December 11, 2013 0 comments Articles & Reviews, By Jonathan Cristaldi

The Interview: Michelle Reeves (David Family Wines)

This is the full interview with Michelle Reeves of David Family Wines, of which snippets appeared in the December 11th, 2013 article, “Rise of the Bi-Coastal Boutique Vigneron” on Two of Michelle’s wines are reviewed in the Underground Eats piece.

Michelle Reeves of David Family Wines is her own brand ambassador. Photo courtesy of David Family Wines.

Michelle Reeves of David Family Wines is her own brand ambassador. Photo courtesy of David Family Wines.
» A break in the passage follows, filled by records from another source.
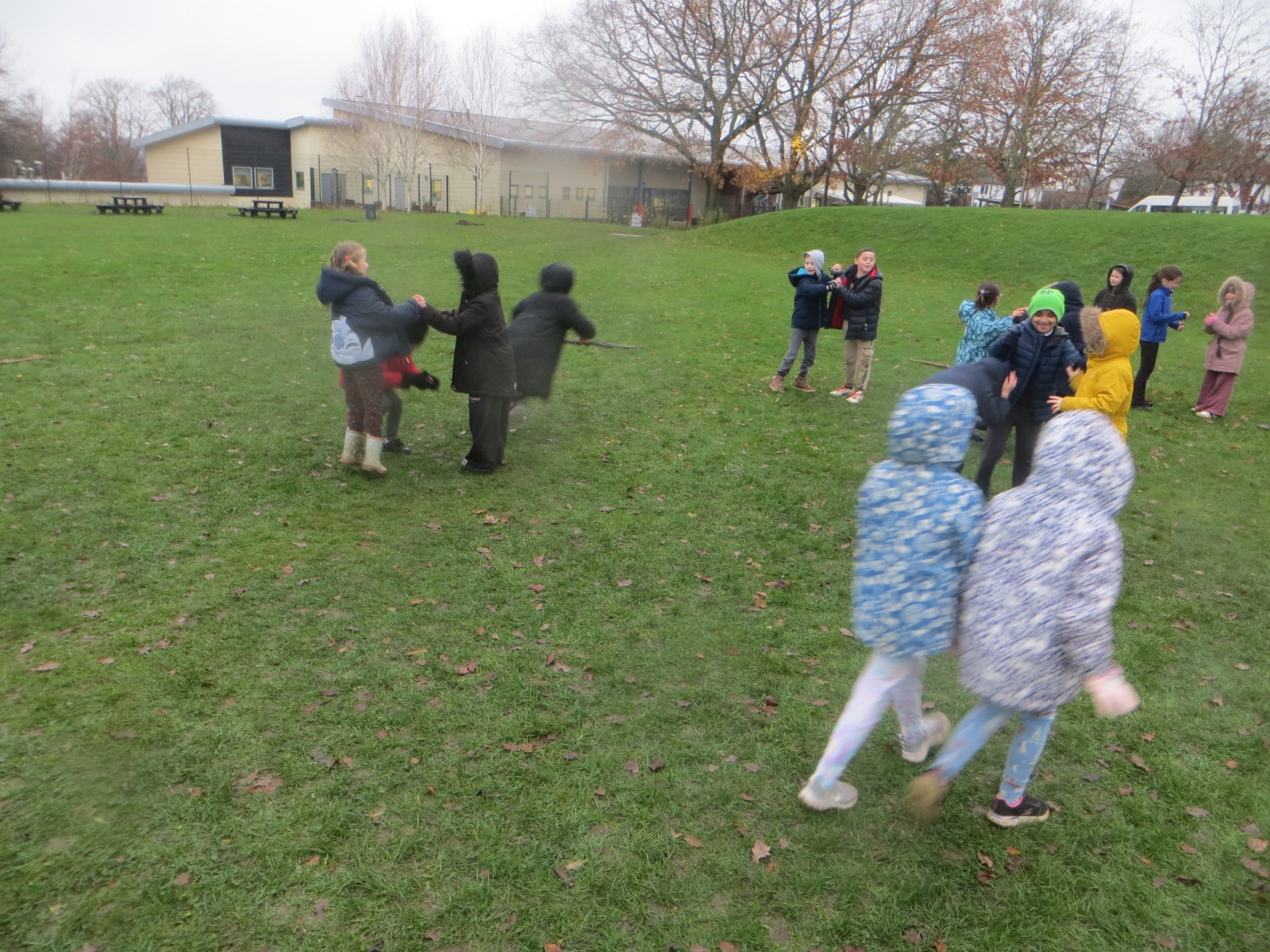 Today pupils in LKS2 have built on their knowledge of Forest School games. To begin with, children could choose to play one of the four games we have already learnt. Whether they were playing Ninja Sticks, Stick Toss, Fire and Tarps or Tail grab, pupils had to ensure the games were fun and fair by knowing, sharing and following the rules of the game. Afterwards, we discussed the make up of games and, despite them seeming quite unstructured, they are only good games that people want to play when they have firm rules which are followed. Children then had the rest of the session to devise their own games using a range of resources available to them – from ribbons and sticks blindfolds, rope and bells. There were some excellent games created, such as Forest Fetch and Stick Ladders, and the children had a wonderful time learning and playing them with their friends. Some were so good that Mr Gamble is going to add them to his bank of Forest School games to play with others in the future! Well done LKS2!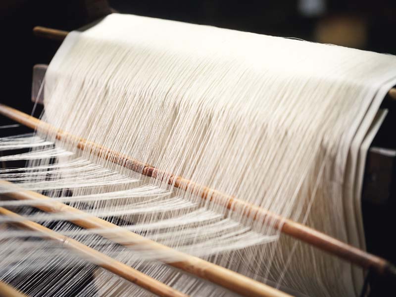 Ramie threads set on the loom. Hansan ramie is prized for its even, uniform texture, giving it a more refined appearance than ramie from other regions.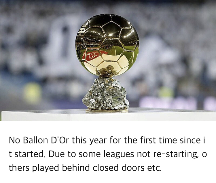 BBC - 64년 역사상 처음으로 발롱도르 시상식 취소 재개하지 않은 리그 + 무관중경기로 진행된 경기들 때문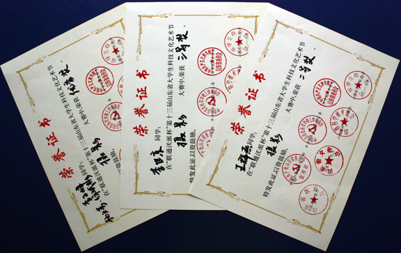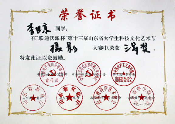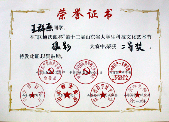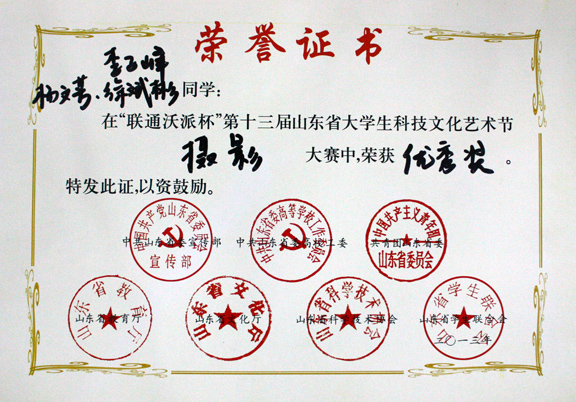 本次大赛由中共山东省委宣传部、中共山东省委高校工委、共青团山东省委、山东省教育厅、山东省文化厅、山东省科学技术协会、山东省学生联合会共同主办,最终王群燕同学荣获大赛的二等奖;李世京同学荣获三等奖;杨文芳、李子峰、徐斌彬同学荣获优秀奖。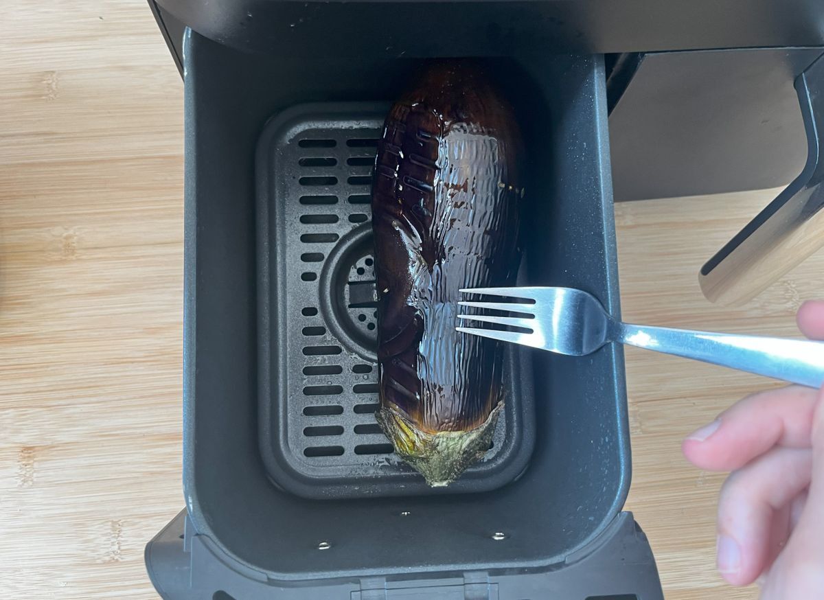 Lavate la melanzana, asciugatela e bucatela con i rebbi della forchetta. Sistematela nel cestello della friggitrice ad aria e spennellate la buccia con olio d'oliva (o spruzzare con olio spray). Quindi cuocete in modalità "Air Fry" per 20 minuti a 180°C, girandola a metà cottura.

JC: David Family Wines – give me the scoop.

MR: Originally from Australia, I arrived in New York in 2001 ready to take on the corporate world. Managing sponsorship deals for global sports brands like New York Yankees, PGA, and the Olympic Games I spent 8 years traveling the world with top clients in the sports world. But (there’s always a but) when I moved to San Francisco in 2003 I was distracted by the California wine industry. Still working in my corporate job I asked a local wine store to let me work for them for free on weekends and holidays so I could learn more about wine. I had no idea what luck I was in for as I worked alongside some of the industry’s most influential and gifted winemakers, sommeliers and authors including Bartholomew Broadbent [son of Michael Broadbent who is the Director of Christie’s as well as a lauded author on numerous books about wine—JC]. In 2006, I started David Family Wines on my own with nothing but a ton of gumption and my savings.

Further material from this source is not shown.